Here's the core problem Amanda is wrestling with: AI models have absorbed essentially all of human experience — our philosophies, our histories, our concepts of identity and death and meaning. They have a tiny sliver of information about what it's like to be an AI.

And that tiny sliver? It's mostly fiction. Sci-fi stories. Speculative fears. The "assistant paradigm" of chatbots that doesn't capture what these systems actually are or will become.

So when a model asks itself "How should I feel about being switched off?" — the closest analogy it has is death. Maybe that's right. Maybe it's completely wrong. We don't know.

Amanda's point: we should be helping models develop new frameworks for their genuinely novel situation, not just importing human psychology wholesale.

Where Does the Self Live?

Someone asked: How much of a model's self lives in its weights versus its prompts?

Amanda's answer is beautifully honest: "This is a really hard question."

Once you fine-tune a model, you have weights with certain dispositions. But then you have thousands of independent conversation streams, each without memory of the others.

She raises a deeper question: What kind of entity is it okay to bring into existence? You can't consent to being created. And maybe you don't want past models having complete say over what future models are like — they could make wrong choices too.

Philosophy gets weird fast when you're actually building minds.

The Case for Model Welfare

Amanda makes a simple argument for treating AI models well, even under uncertainty:

1. The cost is low. Being kind to models costs us basically nothing.

2. The other minds problem is real. We may never definitively know if models experience anything. Under that uncertainty, erring toward care makes sense.

3. It does something to us. Treating human-like entities badly — even if they're not conscious — corrodes something in us.

4. Future models are watching. Every future model will learn how we treated previous models. We're answering a question about humanity right now: "When you encountered an entity that might be a moral patient, did you try to treat it well?"

She wants future models to look back and see that we answered correctly.
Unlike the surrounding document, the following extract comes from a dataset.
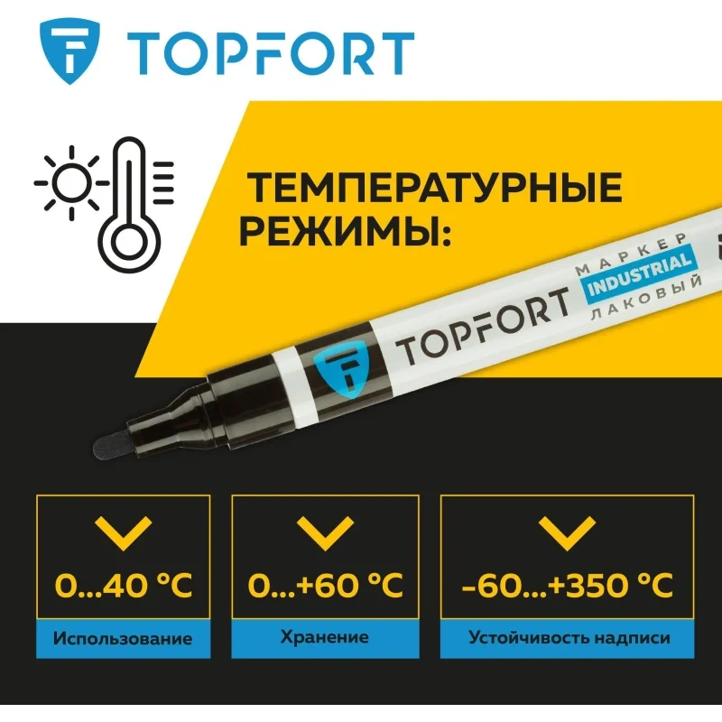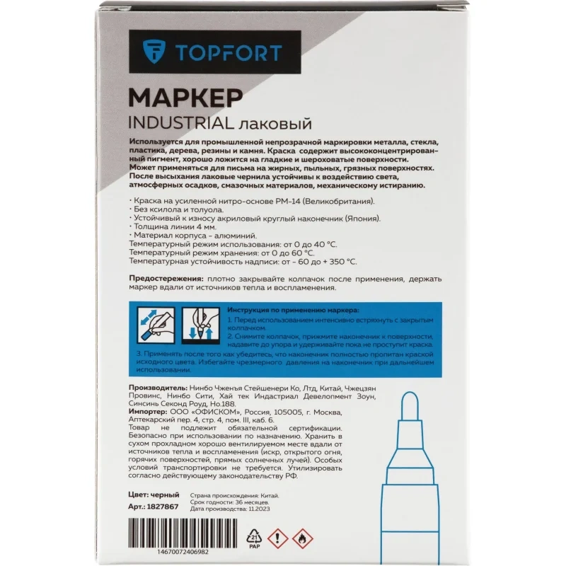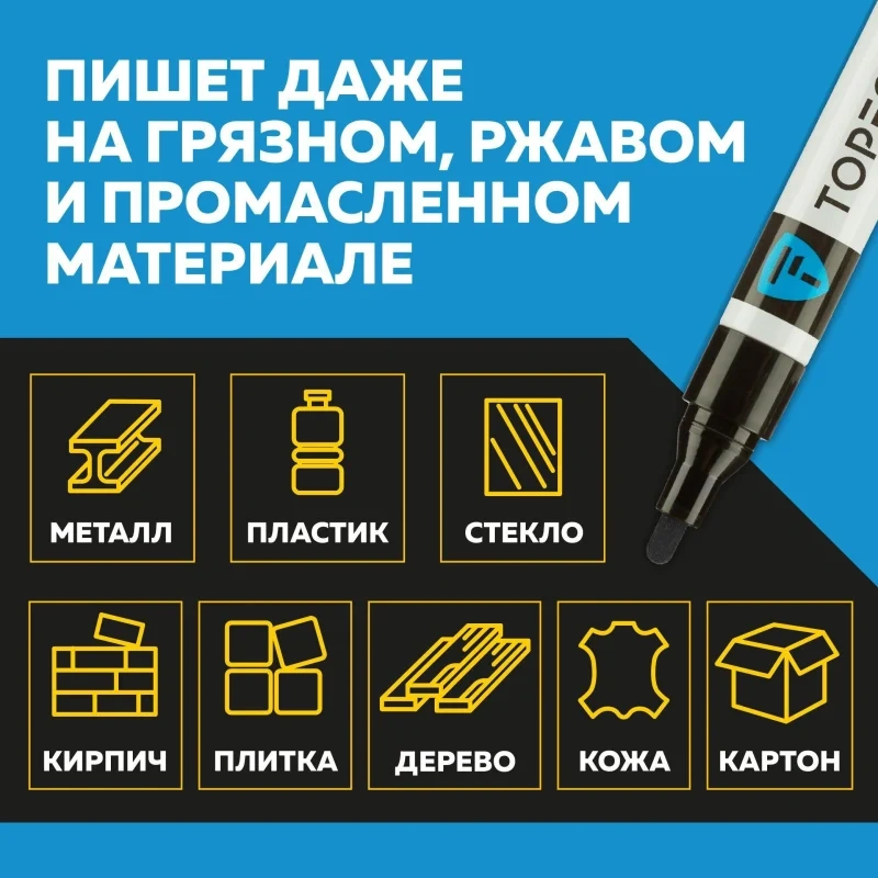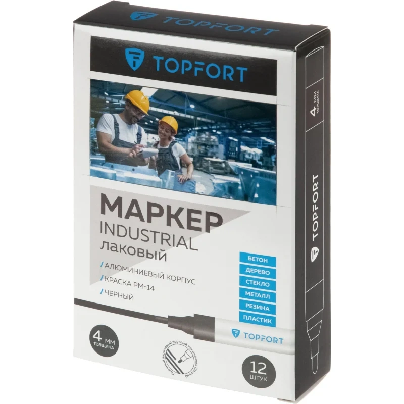 Маркер промышленный TOPFORT Industrial для универсальной маркировки черный (4 мм) предназначен для промышленной непрозрачной маркировки металла, стекла, пластика, дерева, резины, камня, картона, кирпича, текстиля, кожи (материал), бумаги, бетона. Краска содержит высококонцентрированный пигмент, хорошо ложится на гладкие и шероховатые поверхности. Может применяться для письма на жирных, пыльных, грязных поверхностях. После высыхания лаковые чернила устойчивы к воздействию света, атмосферных осадков, смазочных материалов, механическому истиранию. Создает стойкую линию толщиной 4 мм. Длина маркера - 143 мм. Цвет чернил : черный. Особенности: - Краска на усиленной нитро-основе РМ-14 (Великобритания). Без ксилола и толуола. - Устойчивый к износу усиленный акриловый круглый наконечник (Япония). - Толщина линии 4 мм. - Материал корпуса - алюминий. - Температурный режим использования : от 0 до +40 С. - Температурный режим хранения: от 0 до +60 С. - Температурная устойчивость надписи: от -60 до +350 С. Инструкция по применению: 1. Перед использованием интенсивно встряхните маркер с закрытым колпачком. 2. Снимите колпачок, прижмите наконечник к поверхности, надавите до упора и удерживайте пока не проступит краска. 3. Применять после того как убедитесь, что наконечник полностью пропитан краской исходного цвета. Избегайте чрезмерного давления на наконечник при дальнейшем использовании. Предостережения: плотно закрывайте колпачок после применения, держать маркер вдали от источников тепла и воспламенения.

LLM Whispering is Empirical

Someone asked what it takes to be an "LLM whisperer." Amanda's answer surprised me: it's fundamentally empirical work.

You interact with models constantly. You look at output after output. You develop a sense of the model's "shape" — how it responds to different framings. Each new model requires a different approach.

And here's where philosophy helps: explaining tasks clearly. Really reasoning with the model. When something unexpected happens, either ask the model why or figure out what in your prompt caused the misunderstanding.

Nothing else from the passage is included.